What happened

The Fifth Circuit on Thursday affirmed a Texas federal judge’s refusal to let advocacy groups, a community college and a student intervene after the United States and Texas resolved a suit over in-state tuition for students not lawfully present.

The panel said the proposed intervenors could not clear a threshold futility analysis because the challenged Texas Education Code provisions were preempted by 8 U.S.C. § 1623(a). The court agreed with the district court that federal law “bars such a disparity” when students not lawfully present can qualify for resident tuition while out-of-state U.S. citizens cannot.

The dispute followed a June 2025 suit by the United States accusing Texas of allowing certain students not lawfully present to pay in-state resident tuition while requiring out-of-state U.S. citizens to pay higher nonresident rates. Texas settled, and the district court approved a consent judgment permanently enjoining enforcement of Texas Education Code sections 54.051(m) and 54.052(a).
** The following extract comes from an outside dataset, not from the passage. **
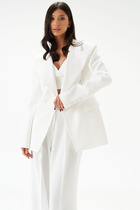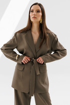 Свободный жакет с разрезами по низу рукавов. Детали: жакет прямого силуэта, пиджачный воротник, перед с прорезными функциональными карманами, нагрудный декоративный карман, однобортная застежка на петли и пуговицы, спинка со средним швом, рукава втачные двухшовные с разрезами по низу, жакет на подкладке.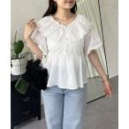 ブラウス シャツ レースビッグカラーバルーンスリーブペプラムブラウス レディース

Students for Affordable Tuition, La Union del Pueblo Entero, Austin Community College and Oscar Silva moved to intervene after judgment and sought to undo the consent judgment. The district court denied intervention, finding the effort legally futile because Section 1623(a) preempted the challenged provisions.
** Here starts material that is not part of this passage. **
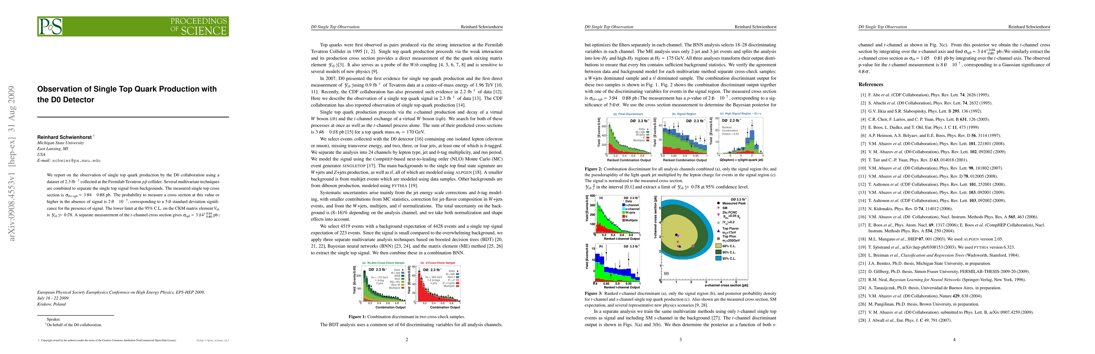 The D0 collaboration observes single top quark production with a 5.0 standard deviation significance using 2.3 fb^-1 of Tevatron ppbar collision data. The measured cross section is 3.94±0.88 pb, and the lower limit on the CKM matrix element |Vtb| is 0.78 at 95% C.L. A separate t-channel cross section measurement yields 3.14±0.94 -0.80 pb.

Writing for the panel, Judge Jerry E. Smith said the case was controlled in part by the Fifth Circuit’s 2023 Young Conservatives decision, which held that Section 1623(a) expressly preempts state rules granting benefits to unlawfully present noncitizens when U.S. citizens have not received the same benefit. Unlike the tuition-rate provision spared in that earlier case, the provisions challenged here addressed eligibility for resident tuition through Texas domicile or residence rules.

The court also clarified that futility review applies to would-be defense intervenors, joining what it described as the longstanding practice of other circuits. Intervention was futile, the panel said, because the proposed intervenors could not plausibly defend the challenged provisions against the federal preemption claim.

The Fifth Circuit affirmed denial of the intervention motions and dismissed the remaining claims for want of appellate jurisdiction.